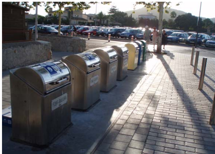
Contenedors de reciclatge (Cala Millor)
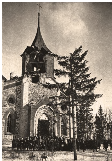
Повреждённая кирха Святого Иоанна Крестителя в Губаницах
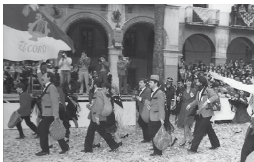
Comparses del Coro i de l'Acord, a la plaça de la Vila. Febrer 1985
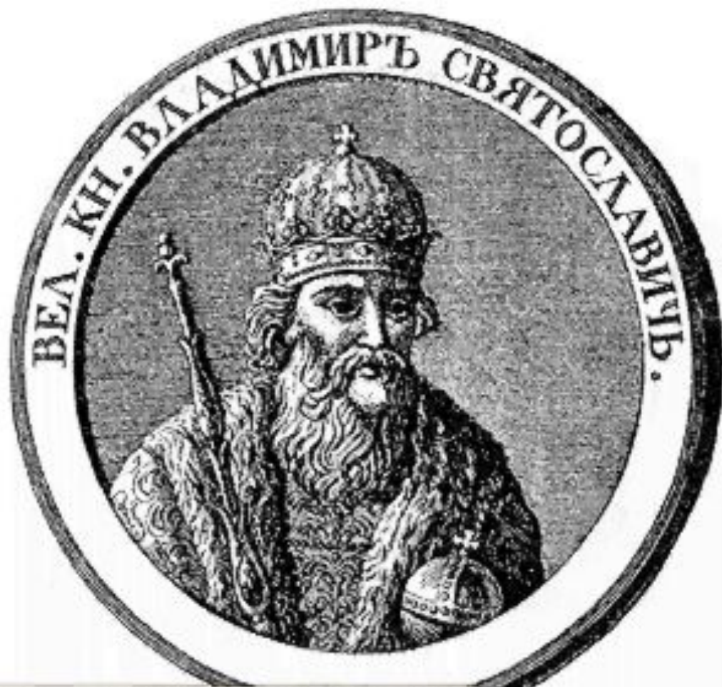
Владимир I Святой (980-1015 гг.)
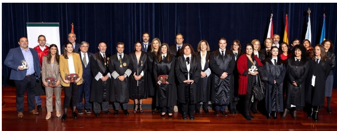
Distinguidos e distinguidas, compoñentes mesa institucional e Xunta de Goberno de COGRASOP
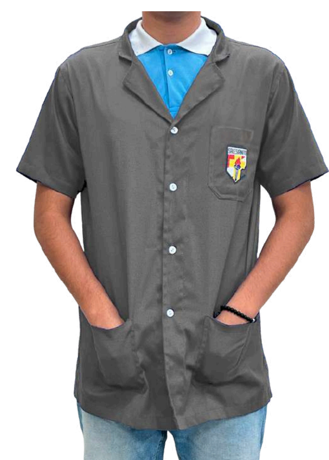
GRIS Diseño Gráfico

En el bolsillo debe ir bordado el nombre del estudiante y arriba la especialidad.
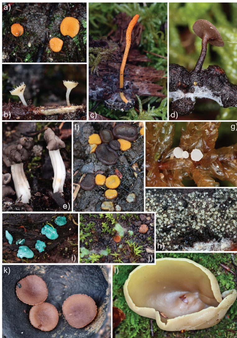
Slika 6. Neke vrste gljiva zabilježene za vrijeme četvrtog terenskog istraživanja u oktobru 2019. godine: a) Pulvinula convexella , potok Skočigrm; b) Cyathicula coronata , Klobučki potok – Aranđelovo; c) Cordyceps militaris , parazit na larvi insekta, potok Skočigrm; d) Rutstroemia firma , grančica drijena ( Cornus mas ); e) Helvella sulcata , Klobučki potok; f) Ascobolus carbonarius i Anthracobia melaloma , zgarište na Bijeloj gori; g) Bryoscyphus rhytidadelphus , parazit na mahovini Pseudoscleropodium purum ; h) Arachnopeziza obtusipila , na deblu crnog bora ( Pinus nigra ); i) Chlorociboria aeruginascens , na odumrlom panju bukve; j) Lamprospora miniata , parazit na mahovini (Bijela gora); k) Rutstroemia echinophila , na kupulama žira (put prema Bijeloj gori); k) Peziza arvernensis , na odumrlom panju bukve obraslom u mahovinu (Bijela gora) / Figure 6. Some fungal species recorded during the fourth field research in October 2019: a) Pulvinula convexella , Skočigrm stream; b) Cyathicula coronata , Klobučki stream - Aranđelovo; c) Cordyceps militaris , parasite on insect larva, Skočigrm stream; d) Rutstroemia firma , cornelian cherry twig ( Cornus mas ); e) Helvella sulcata , Klobučki stream; f) Ascobolus carbonarius and Anthracobia melaloma , burned ground close to the Bijela gora plateau; g) Bryoscyphus rhytidadelphus , parasite on moss Pseudoscleropodium purum ; h) Arachnopeziza obtusipila , on dead trunk of Pinus nigra ; i) Chlorociboria aeruginascens , on rotten beech stump; j) Lamprospora miniata , parasite on moss (Bijela gora); k) Rutstroemia echinophila , on acorn cups (road to the Bijela gora plateau); k) Peziza arvernensis , on rotten beech stump covered in moss (Bijela gora)
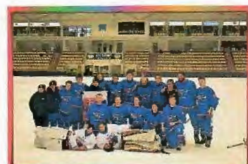
MS Švédsko 2019 Vänersborg 8.miesto
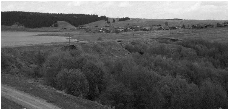
Современный вид на плотину, май 2008 года.

Новый посёлок застраивался при прямой планировке улиц, причем западная часть – широкими параллельными улицами, а восточная – улицами разных направлений, соответствующей рельефа местности. Дома не были однообразными, а имели каждый своё лицо. Дворы были всегда крытыми. Здесь надо заметить, что пилы появились на Урале в 1840-х годах, значит, все строилось без пил, одним топором.
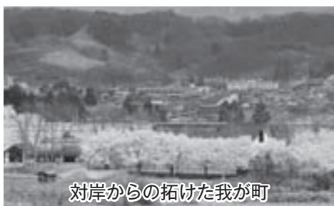
対岸からの拓けた我が町

町長 指定管理制度を導入することは、民間の経営ノウハウを取り入れ弾力性や柔軟性のある施設運営ができます。税収や地方交付税など、一般財源の伸びが期待できない状況下においては、指定管理者制度に移行することでの人件費抑制が図られ、健全財政を維持できるものと理解しており、避けられない情勢であることをご理解願います。
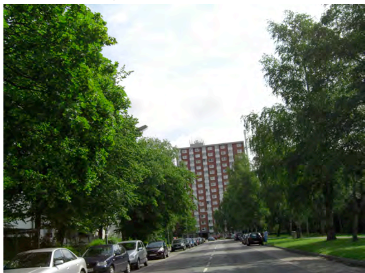
Hans-Böckler-Str. | die Hauptstraße in Leherheide

„Dörflich – man kennt sich.“ „Leherheider bleiben eher im Stadtteil.“ „... bei uns in Leherheide.“ „Ältere Menschen leben möglichst lange im eigenen Heim.“
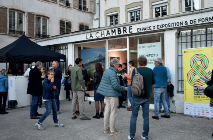
Archifoto 2022 © MEA
- - - - -
▸ Assignment
Reproduce only the lines from the line that holds "bleiben eher im" through the end of the records, exactly as they stand, both ends included and pictures excluded.

▸ Task result
„Dörflich – man kennt sich.“ „Leherheider bleiben eher im Stadtteil.“ „... bei uns in Leherheide.“ „Ältere Menschen leben möglichst lange im eigenen Heim.“
Archifoto 2022 © MEA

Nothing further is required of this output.